Commit messages on Windows are interpreted as cp1252 even if they are UTF-8
Bug #610229 reported by
Max Kanat-Alexander
This bug affects 2 people
Affects | Status | Importance | Assigned to | Milestone | |
---|---|---|---|---|---|
Bazaar |
Confirmed
|
Medium
|
Unassigned |
Bug Description
A developer on the Bugzilla Project recently checked in two commits with garbled characters--UTF-8 that got interpreted as windows-1252 (cp1252) instead. You can see here that he attempted to insert U+2013 (an en-dash) and it got garbled:
http://
He says that he was using the same editor that he uses to edit his localization for Bugzilla, which is definitely in UTF-8.
My suspicion is that bzr is converting to UTF-8 using the terminal encoding, but on Windows the terminal encoding will nearly always be cp1252 or something that isn't UTF-8, even if people are writing in UTF-8.
Bazaar is using the user encoding, which will generally be the right option, but does cause problems like this.

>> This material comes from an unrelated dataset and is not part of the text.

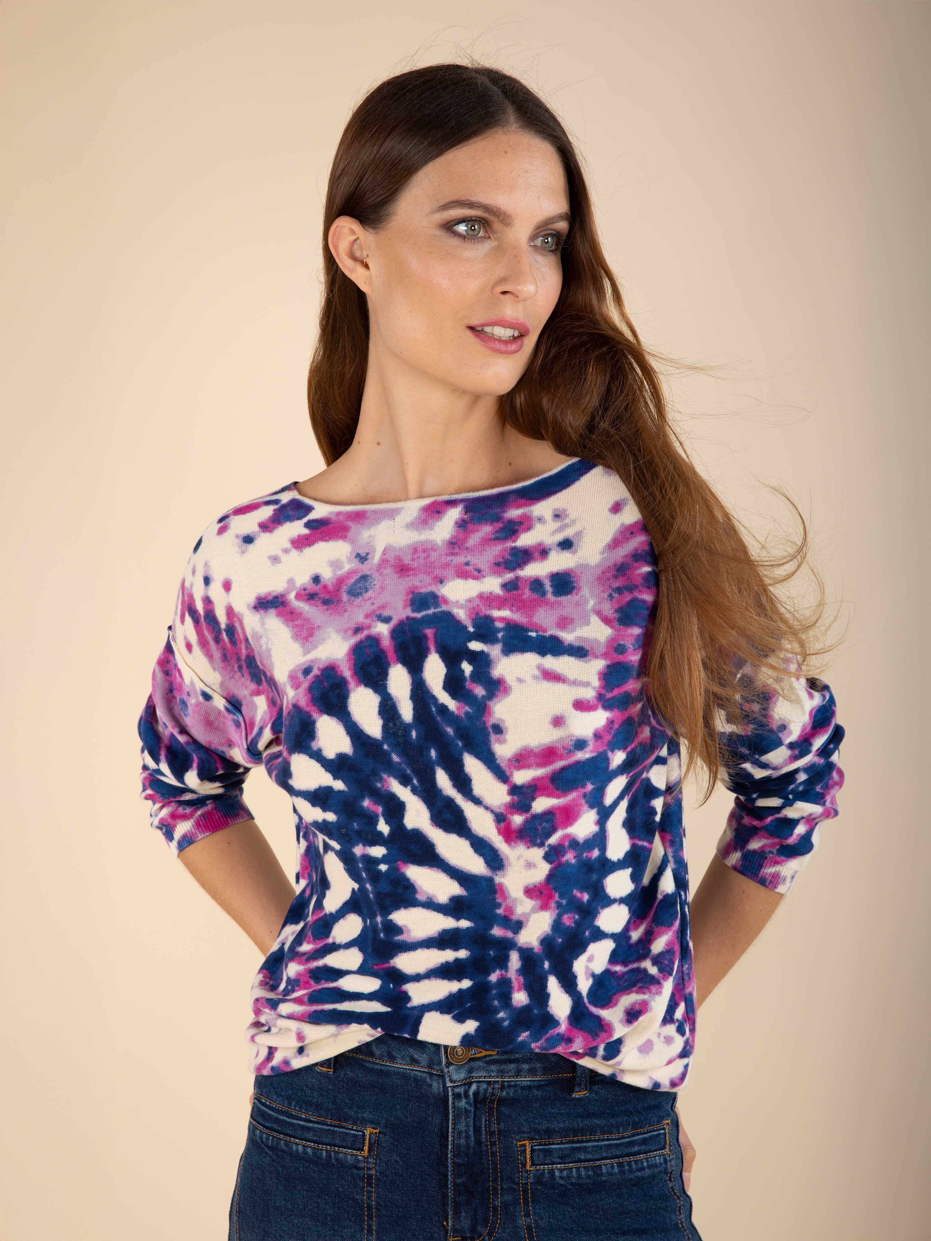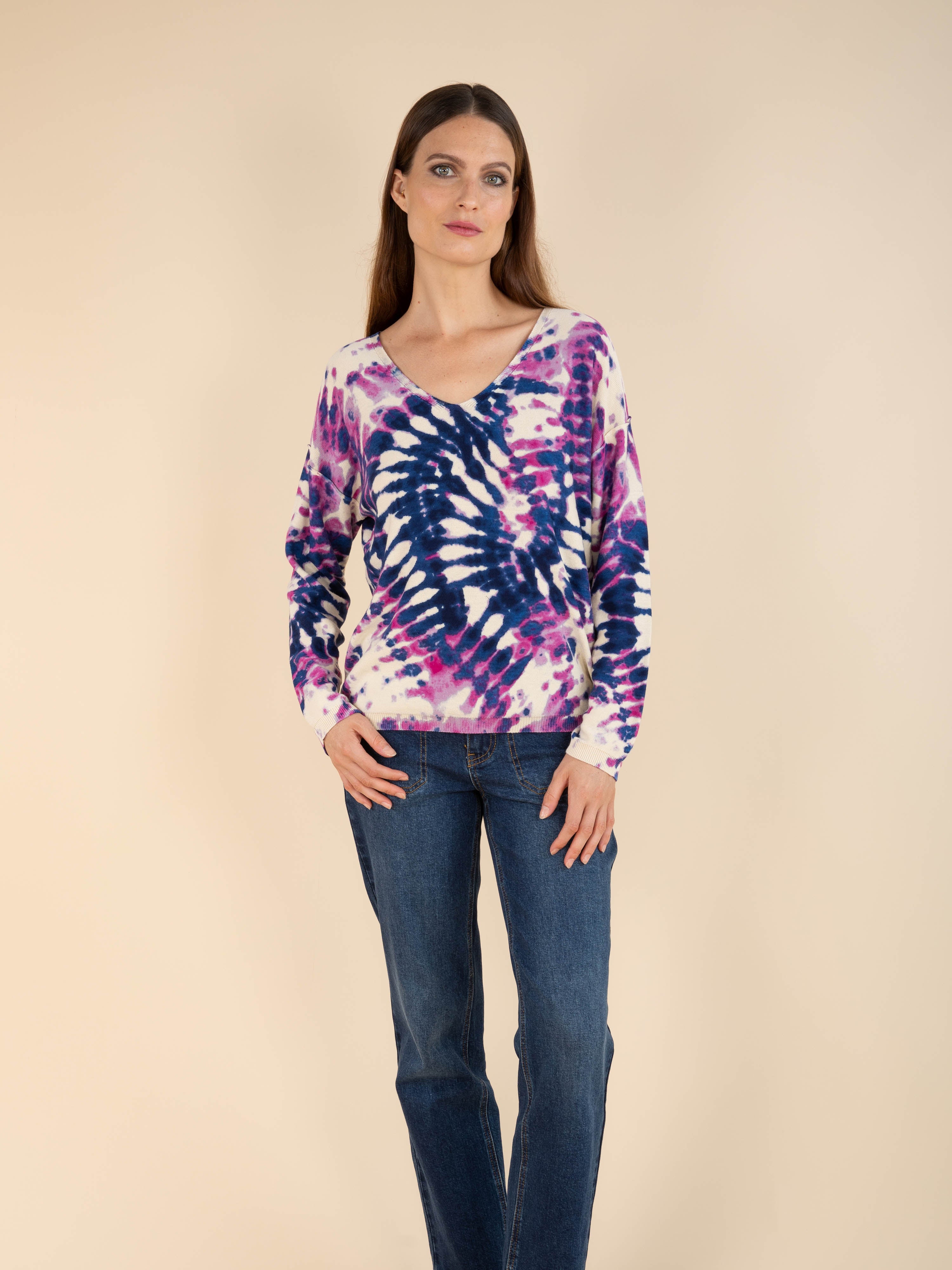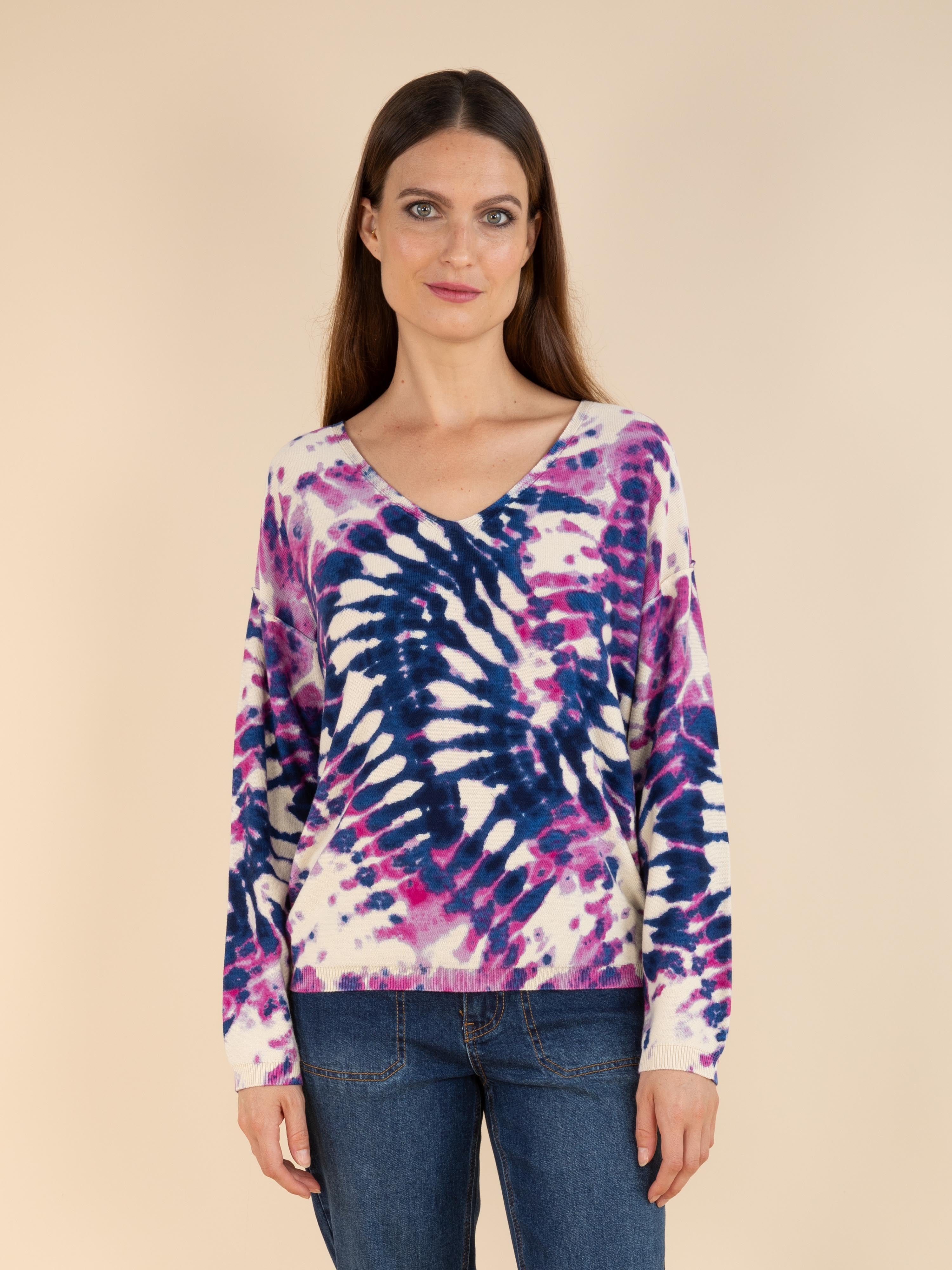 Craquez pour ce pull tie & dye à encolure V, parfait pour une allure décontractée et tendance avec sa coupe V et ses finitions en bord-côte.

Couple of options. Could add yet another config option for the editor encoding. Using something like the notepad heuristic, which auto-detects unicode encodings and falls back to the windows codepage, would mostly work but leaves the problem of what encoding to *write* to the temporary file. Both still have the potential to mangle the encoding.
Finally, might be worth looking at changing the default to UTF-8 (perhaps with BOM), which most things really should support these days. I still have one editor installed that doesn't support unicode, but everything I use regularly does.